Filed under: Probable Cause — Tags: — Bill @ 7:18 am

sheldonsilver-012215 copyBack in January 2015, the Federal Bureau of Investigation (FBI) concluded a lengthy public corruption investigation with the arrest of New York State Assembly Speaker Sheldon Silver.

Information about his corruption and his betrayal of those who elected him were in this press release issued on January 22, 2015, by Preet Bharara, US Attorney for the Southern District of New York.  The slimy, grimy details of how Sheldon Silver, this purportedly highly respected pillar of the community, abused his elected position and profited by exploiting it are in the 35-page complaint on January 21, 2015, seeking a warrant for his arrest.

Yesterday, US Attorney Preet Bharara issued another statement, this one announcing the conviction of the aforementioned slimeball on all corruption charges.  Bharara’s press release was elegant in its one-sentence simplicity.

The New York Times article about Silver’s conviction had more information, but it added little to Bharara’s comment.

It seems to us that Manhattan US Attorney Preet Bharara gets New York’s corrupt public officials convicted because he and the FBI’s investigators look for it,  and Bharara doesn’t dismiss evidence of it as “miscommunications“.  Thanks to their dedication and professional persistence, “Today, Sheldon Silver got justice, and at long last, so did the people of New York.”

Addendum on 12-01-2015 at 4:40 p.m.:  This ABC news story titled Jury Convicted NY Ex-Speaker Despite No ‘Smoking Gun’ had several good discussion points.

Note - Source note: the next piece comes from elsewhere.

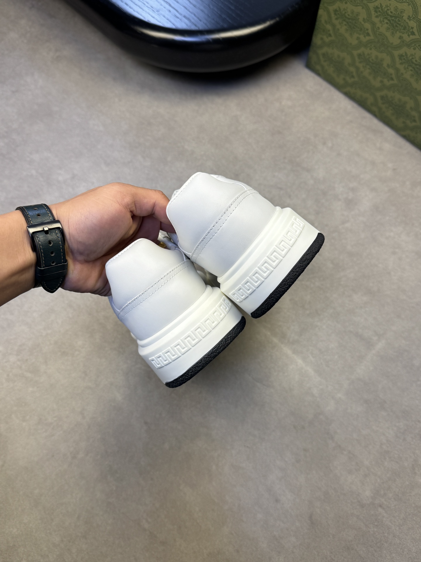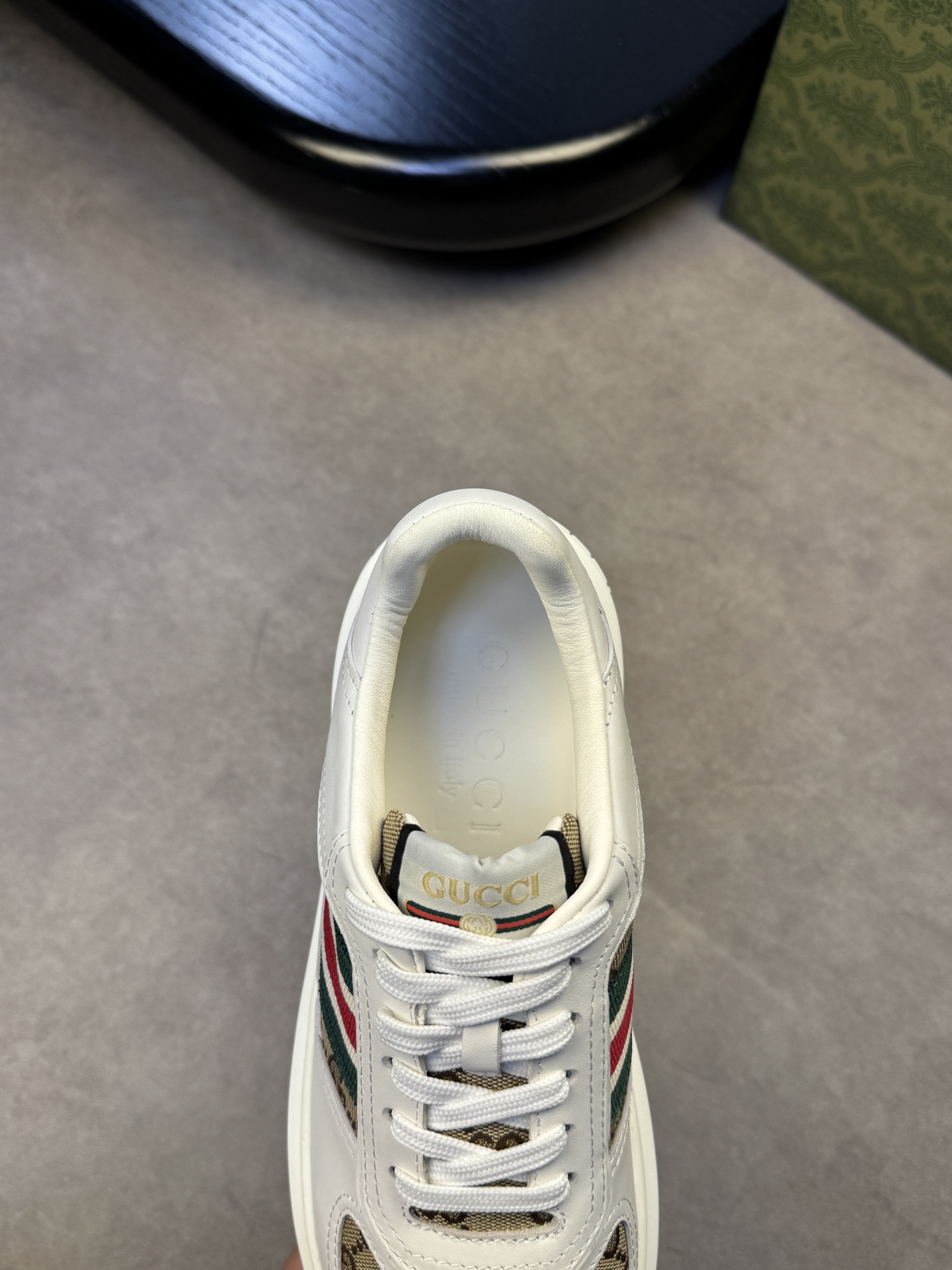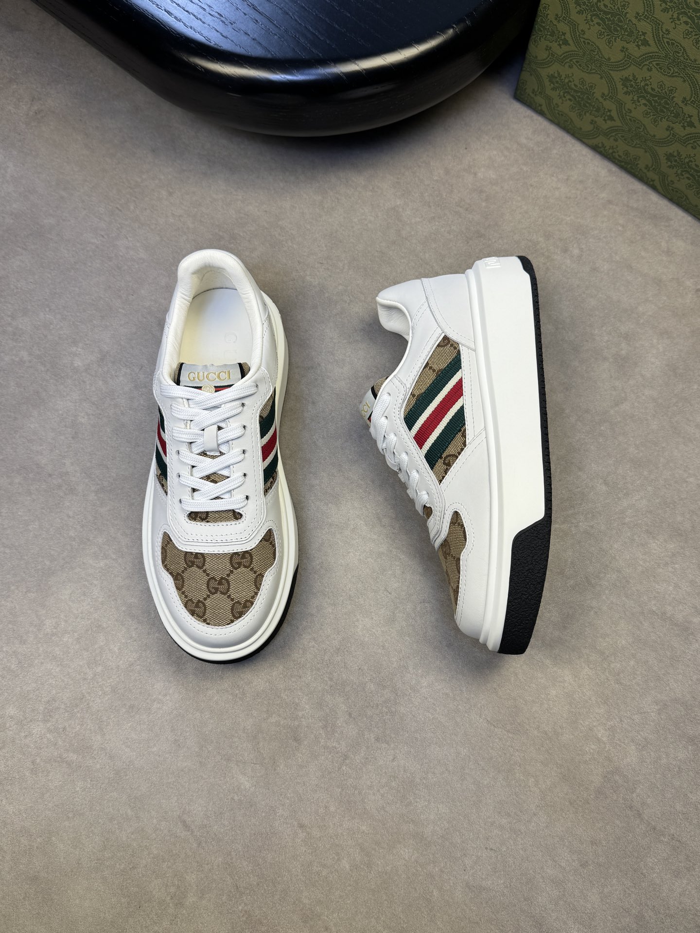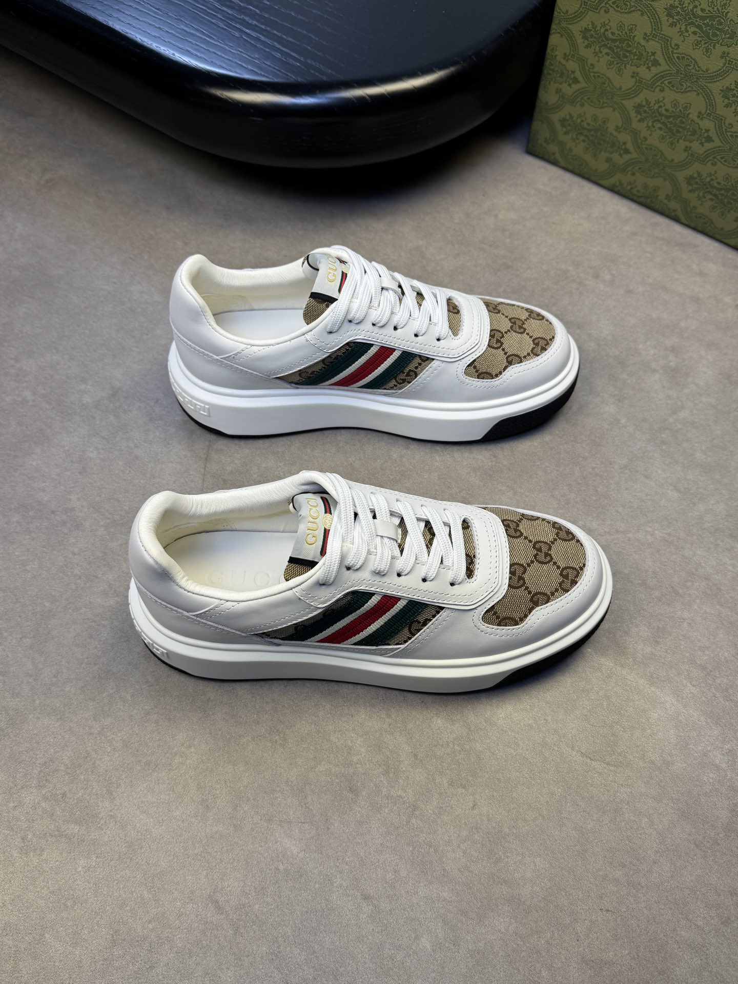 这款鞋子是AAAAA 1:1 质量 (非常棒). 使用了和原版一模一样的材料. 商标部分也保持了和古奇/Gucci一样. 图片拍摄是实物鞋子拍摄, 您所收到的实物保证和我们图片一模一样.

  • “There was no star witness, no damning testimony, no briefcase stuffed with cash […] Instead, legal experts say, a jury convicted the Manhattan Democrat of corruption Monday based a slow drip of circumstantial evidence…”  Essentially, the news reports that there were no witnesses who were present to hear and see when and if Silver and others agreed that Silver would perform legislative acts specifically in return for payments disguised as legal fees.  Had there been such witnesses, they would have offered direct testimonial evidence of what they saw and heard.  Instead, the case against Silver was “based on a slow drip of circumstantial evidence,” evidence which as been admitted and which allows a juror to draw reasonable inferences about what the evidence shows or does not show.  Obviously the Silver trial jurors were persuaded that the slow drip of circumstantial evidence proved beyond a reasonable doubt that Silver was guilty of the crimes alleged.
  • “In many similar cases, prosecutors have a witness or a document explicitly describing what a defendant would do in exchange for an inducement, according to Albany defense attorney E. Stewart Jones. […] “That’s the central issue, whether they proved a quid pro quo,” said Jones, using the Latin term used to describe illegal ‘this-for-that’ schemes.”  And that is often why prosecutors run and hide from public corruption cases or even complex white collar criminal conspiracy cases — it takes exceptionally good investigators and equally skilled and competent prosecutors to prove these very difficult cases beyond a reasonable doubt.
  • “”When the leader of a ‘respected body’ [the state legislature] is convicted on seven felony counts of corruption and fraud, it is time for the people to question the premise that it is a ‘respected body,'” said Assemblyman Michael Kearns, D-Buffalo.”  Amen!

1 Comment

  1. It is interesting that former Speaker Silver is a “Democrat” in a strongly “Democrat” state, Preet Bharara, the U.S. Attorney was chief counsel to Senator Chuck Schumer (D) and was nominated to be U.S. Attorney by President Obama (D). One has to wonder why Wendy J. Olson, the U.S. Attorney for Idaho, who was nominated by President Obama, seems willing to ignore political shenanigans in a “Republican” state like Idaho.